A couple of weeks ago we were visiting my husband’s family and his eldest sister and her kids were there too.

She’s divorced and came up with the idea that we should all go on holiday together, as it would be nice for her children.

She wants to go abroad in May half term, but I’ll be seven months pregnant by then and don’t know if I’ll feel up to it.

It’s taken us a long time to get pregnant and I always felt my sister-in-law was smug about the fact she popped out three kids no problem. She hasn’t thought about the fact a big holiday when I’m pregnant might not be what I want.

I get along OK with the rest of his family and my nieces and nephew are great, but I’ve never taken to her (she’s snooty) and I don’t want to spend a fortune on a stressful week with her.

My husband isn’t very ­sympathetic. He says I’m ­pregnant, not ill, and that I might not see eye-to-eye with his sister on everything but she’s been through a rough time with the divorce and could use the support.

I don’t want to cause a major fuss, but I really don’t want to go! What do you think and how can I work this out?

Coleen says

First of all, having had several friends who struggled to conceive, I know it’s normal to feel extra-sensitive around people with babies and children.

It’s understandable because you’re going through a tough time and it’s hard to see happy couples for whom having kids has been a breeze. It feels unfair.

Maybe you’ve carried a bit of this into your relationship with your sister-in-law.

But now you’re pregnant, it could be an ­opportunity to bond with her over something you both have in common. You could even confide in her that you’re nervous about being away from home when you’re pregnant, as it’s your first baby.

It might open the door to a better relationship and she may be able to reassure you.

Another option is to give your hubby your blessing to go away with his family without you – it’s only for a week. You could use the time to relax at home and do nice things for yourself.

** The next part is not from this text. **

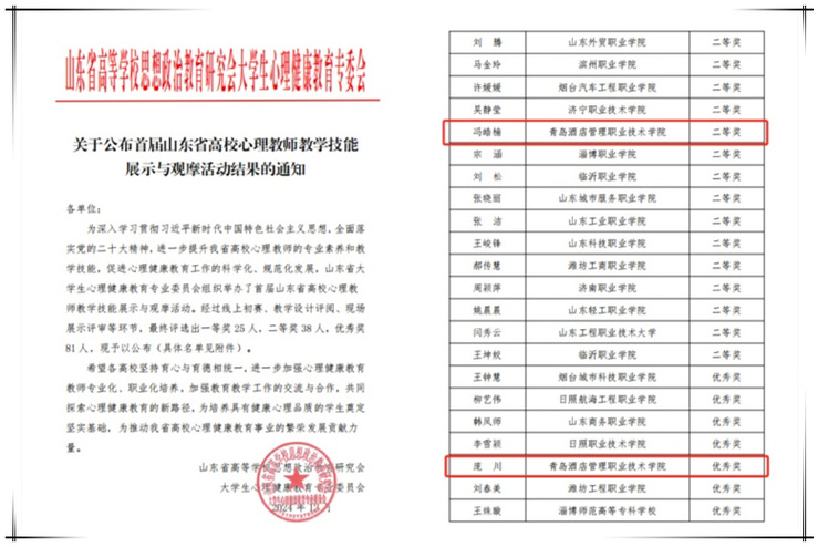 本网讯(团委 孙梦男)近日,首届山东省高校心理教师教学技能展示与观摩活动在聊城大学举办。万象城官网文旅学院冯皓楠老师获二等奖、酒店工程学院庞川老师获优秀奖。
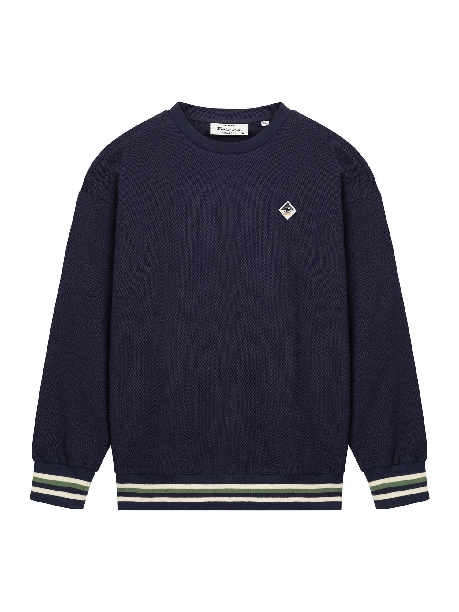 A relaxed fit crew neck sweatshirt in 100% cotton. Designed with a contrast tip ribbed hem and cuff and a B felt badge on the left chest.

I do think he is being a bit insensitive. He’s right, you’re not ill, but you are growing a human inside you and you’re going to be a bit anxious, ­especially as your road to ­pregnancy hasn’t been easy.

If you really don’t want to go, don’t go. But don’t make it all about his sister. Try to help your husband see that the holiday won’t be relaxing or enjoyable for you if you’re worrying about being away from home and your usual support network.